**LISTED ENTRIES**
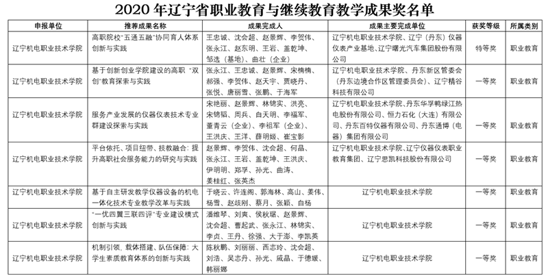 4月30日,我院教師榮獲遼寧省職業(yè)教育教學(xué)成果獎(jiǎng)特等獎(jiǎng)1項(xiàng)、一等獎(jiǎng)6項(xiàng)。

...

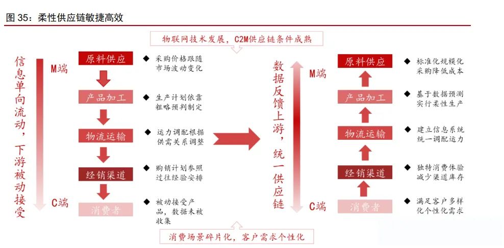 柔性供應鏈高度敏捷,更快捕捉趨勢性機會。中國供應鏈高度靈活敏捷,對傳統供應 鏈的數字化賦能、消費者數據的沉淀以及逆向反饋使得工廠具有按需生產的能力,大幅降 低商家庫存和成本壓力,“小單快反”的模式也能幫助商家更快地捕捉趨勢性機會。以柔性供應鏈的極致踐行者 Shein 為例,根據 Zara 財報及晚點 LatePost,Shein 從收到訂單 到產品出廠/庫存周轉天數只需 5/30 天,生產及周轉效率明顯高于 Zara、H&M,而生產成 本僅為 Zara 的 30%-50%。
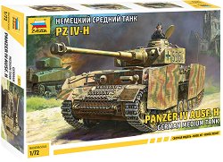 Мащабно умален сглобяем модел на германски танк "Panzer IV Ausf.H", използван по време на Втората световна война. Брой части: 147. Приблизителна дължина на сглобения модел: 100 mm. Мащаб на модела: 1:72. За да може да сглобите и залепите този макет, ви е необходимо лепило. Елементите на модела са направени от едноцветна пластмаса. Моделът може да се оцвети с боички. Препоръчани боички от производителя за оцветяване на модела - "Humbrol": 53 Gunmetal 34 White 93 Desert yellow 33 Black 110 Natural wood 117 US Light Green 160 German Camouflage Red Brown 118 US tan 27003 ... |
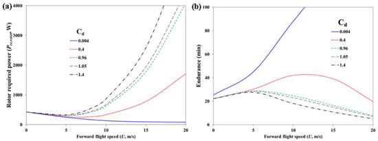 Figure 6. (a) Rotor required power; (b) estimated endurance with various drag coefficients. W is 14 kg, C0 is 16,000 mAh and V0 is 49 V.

**PROBLEM**
What you write must match the listing exactly, from the line with "Zara 的 30%-50%。" up to and including the line with "Figure 6. (a)". Pictures stay out.

**SOLVED EXERCISE**
 柔性供應鏈高度敏捷,更快捕捉趨勢性機會。中國供應鏈高度靈活敏捷,對傳統供應 鏈的數字化賦能、消費者數據的沉淀以及逆向反饋使得工廠具有按需生產的能力,大幅降 低商家庫存和成本壓力,“小單快反”的模式也能幫助商家更快地捕捉趨勢性機會。以柔性供應鏈的極致踐行者 Shein 為例,根據 Zara 財報及晚點 LatePost,Shein 從收到訂單 到產品出廠/庫存周轉天數只需 5/30 天,生產及周轉效率明顯高于 Zara、H&M,而生產成 本僅為 Zara 的 30%-50%。
 Мащабно умален сглобяем модел на германски танк "Panzer IV Ausf.H", използван по време на Втората световна война. Брой части: 147. Приблизителна дължина на сглобения модел: 100 mm. Мащаб на модела: 1:72. За да може да сглобите и залепите този макет, ви е необходимо лепило. Елементите на модела са направени от едноцветна пластмаса. Моделът може да се оцвети с боички. Препоръчани боички от производителя за оцветяване на модела - "Humbrol": 53 Gunmetal 34 White 93 Desert yellow 33 Black 110 Natural wood 117 US Light Green 160 German Camouflage Red Brown 118 US tan 27003 ... |
 Figure 6. (a) Rotor required power; (b) estimated endurance with various drag coefficients. W is 14 kg, C0 is 16,000 mAh and V0 is 49 V.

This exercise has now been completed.